Vive le canot!

Il y a des wasis à l'Auberge, des petites bêtes (8 ans) presqu'aussi bruyantes et remuantes que le chien Platon.

Comme je ne peux pas les découper en morceaux pour les mettre dans le compost (ça donne des odeurs douteuses) j'ai décidé de les amener en canot sur la rivière Wollustouk. Mon véritable espoir étant que les moustiques les emportent pour les manger ailleurs, ou à défaut qu'ils les mangent sur place.

J'ai été déçu! Il a fait un temps magnifique avec juste une petite brise dans le sens de la rivière, si bien que les salles bêtes ( je parle des moustiques) ne pouvaient nous coller après. Un ami nous amène avec un petit camion à 6 ou 7 kilomètres, cela fera une vingtaine de kilomètres à descendre si on compte les très nombreux méandres à la fin du parcourt. La rivière est très haute pour un mois de juillet, il y aura du courant et donc le trajet se fera entre trois et quatre heures, ha oui! ajoutons une grosse demi-heure pour le pique-nique.

La première évidence, c'est qu'il y a une notable différence de poids entre un ours raisonnablement enveloppé et un enfant de 8 ans. Je m'installe logiquement à la pince, et je dois m'avancer un peu parce que l'avant du canot monte comme s'il n'y avait personne. Je me console en constatant que c'est pareil pour l'autre canot. Première surprise, le garçon sait ( un peu) se servir d'un aviron, je n'aurai pas besoin de ramer en J pour tout le trajet.

C'est une section très calme de la rivière, c'est pour cela qu'elle était la route préférée des lourds rabaskas, les grands canots de transport de marchandises, trois ou quatre tonnes de charge pour 4 ou 5 avironneurs, ça prend des bras solides ou bien on cordelle dans les sections rapides.

Il y a bien un petit bouillon juste après la Lindaine à Pic, mais juste de quoi donner des palpitations aux enfants. La Lindaine à Pic, lieu rêvé de mon enfance, espoir de contrées sauvages, c'était la porte de la grande aventure dans ma tête de 5 ou 6 ans. Il a fallu que j'attende dix ans, pour savoir que c'était la « Landing zone », l'endroit où, durant le temps de la drave, on jetait les billes de bois dans la rivière pour qu'elle flotte, jusqu'au lac et à l'usine. Et « A pic » parce que le dénivelé est important, comme quoi, les plus grands mystères, on se les invente.

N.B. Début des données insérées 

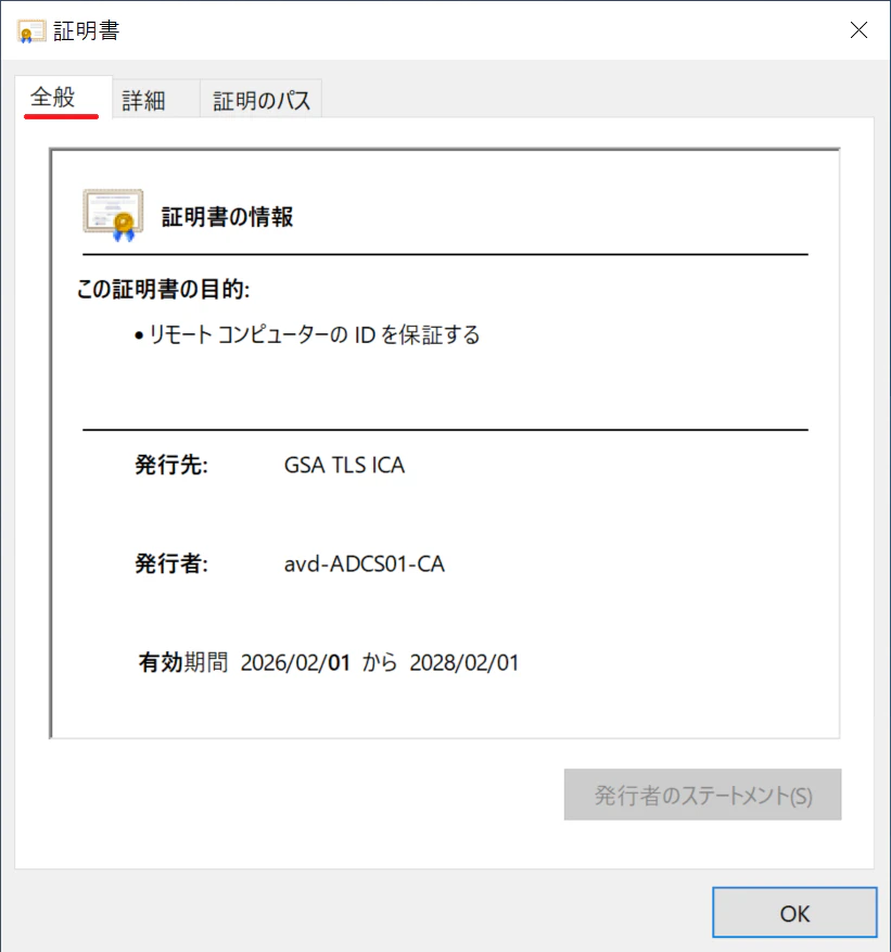 上記の証明書をダブルクリックして開くと、以下の情報を確認することができます

Tiens! Voilà justement le ciré, il faut se méfier. Je crie à l'autre canot de se tenir du côté escarpé de la rivière, là où il y a beaucoup d'eau, ça passe mieux. Cela brise l'attention du pilote et le voilà qui vire en travers de la rivière en glissant du mauvais coté vers l'oreille de charrue! Je lui crie « droite » et si au moins il ne va pas à droite, il prendra soin de mettre son canot droit, parce qu'attaquer un rapide de travers, c'est la baignade assurée. Le pique-nique est dans son canot, alors vous comprenez mon intérêt...

Je vois le canot se soulever et c'est parti pour un tour de manège, juste en bas il y a une toupie un petit ciré et puis un seuil, la petite chute ( 50 centimètres tout au plus) et le remou, après ça va. De mon coté, c'est une gentille glissade sans réelles difficultés. Son canot a passé! Il y a un dieu pour les imprudents. Nous arrêtons sur une pointe de sable, pour vider les 15 centimètres d'eau dans le canot, et là où je pense trouver un enfant paniqué, je vois la petite bête bien mouillée, mais hilare, excité et demandant de recommencer. Comme quoi, il est inutile de s'inquiéter pour la prochaine génération.

Le reste de l'excursion est sans histoire, si ce n'est que pour le catalogue des espèces de canards nichant dans l'est de l'Amérique, je pense qu'ils étaient tous là, de voir à chaque méandre une pauvre cane l'aile brisée nous faire son grand numéro et de comprendre la différence entre une sarcelle et un chipeau, un orme et un platane, entre un rat musqué et un vison. Les choses vraiment essentielles quoi!